Bürgercourage und wahrhaftige Information  (Winfried Wolk)

»Die Achtung vor der Wahrheit, die Wahrung der Menschenwürde und die wahrhaftige Unterrichtung der Öffentlichkeit sind oberste Gebote der Presse. Jede in der Presse tätige Person wahrt auf dieser Grundlage das Ansehen und die Glaubwürdigkeit der Medien.« So lautet der erste Grundsatz des Pressekodex des Deutschen Presserates. Weiter heißt es: »Es widerspricht journalistischer Ethik, mit unangemessenen Darstellungen in Wort und Bild Menschen in ihrer Ehre zu verletzen.«


In dem Beitrag »Moskau verstehen, Kiew verraten« fragt der Spiegel-Kolumnist Georg Diez am 12. Dezember 2014 in Spiegel online »Wieviel ist Europa die Freiheit wert, die auf dem Maidan erkämpft wurde?« und beklagt, daß »Europas Politiker und Prominente … eher an einer Abschaffung der Revolution – und damit an der Abschaffung der Realität« arbeiten. Er meint damit »die liebe[n] Bundesminister a.D., Bundeskanzler a.D., Bundespräsidenten a.D.«, also einstmals höchste Repräsentanten unseres Landes, sowie »Frauen wie Gabriele Krone-Schmalz oder Männer wie Matthias Platzeck«, die rasch von Angst und Krieg reden würden »im Ton der Kälte und Selbstgerechtigkeit, für die man sich jeden Tag direkt in der Ukraine entschuldigen will«.

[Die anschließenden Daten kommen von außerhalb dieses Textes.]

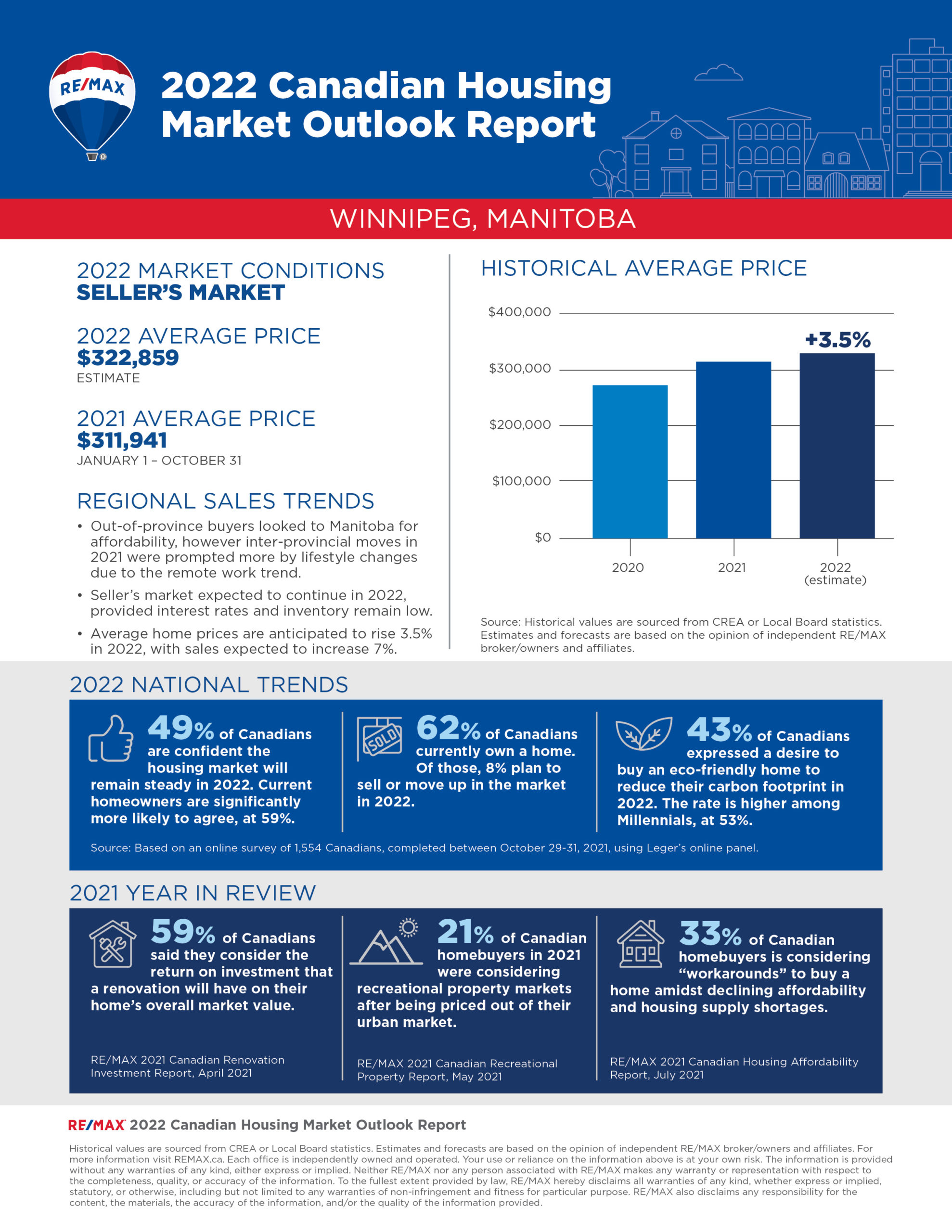 The 2022 RE/MAX Housing Market Outlook Report includes data and insights from RE/MAX brokerages. RE/MAX brokers and agents are surveyed on market activity and local developments. Regional summaries with additional broker insights can be found at REMAX.ca. The overall outlook is based on the average of all regions surveyed, weighted by the number of transaction in each region.
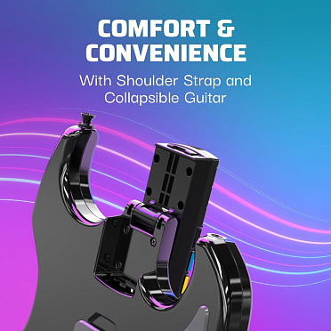 Встроенный аналоговый стик (patent pending), плечевой ремень для удобной игры и складная конструкция для компактного хранения и транспортировки.

Herr Diez bezieht sich in seinen etwas verschwurbelten Ausführungen auf einen Aufruf von etwa 60 Persönlichkeiten aus Politik, Wirtschaft, Kultur und Medien unter dem Titel »Wieder Krieg in Europa? Nicht in unserem Namen!«, der am 5. Dezember 2014 in der Zeit veröffentlicht wurde. Spiegel online veröffentlichte den Appell nicht, auch die öffentlich-rechtlichen Medien ZDF und ARD blieben stumm. Es war wie damals in der DDR, als die Ausweisung Wolf Biermanns in den Medien der DDR Wellen schlug, ohne den Grund dafür, nämlich dessen Auftritt in Köln, und die die Entscheidung begründenden Passagen zu veröffentlichen. Auch vom Protest namhafter Künstler erfuhr man den Wortlaut des offenen Briefes nicht. Interessant ist, daß auch damals diese Persönlichkeiten diffamierend als unreif abqualifiziert wurden, genauso, wie jetzt mit diesem Appell umgegangen wird, der so offensichtlich nicht in das Konzept der gegenwärtigen, von den USA dominierten Politik der westlichen Welt paßt.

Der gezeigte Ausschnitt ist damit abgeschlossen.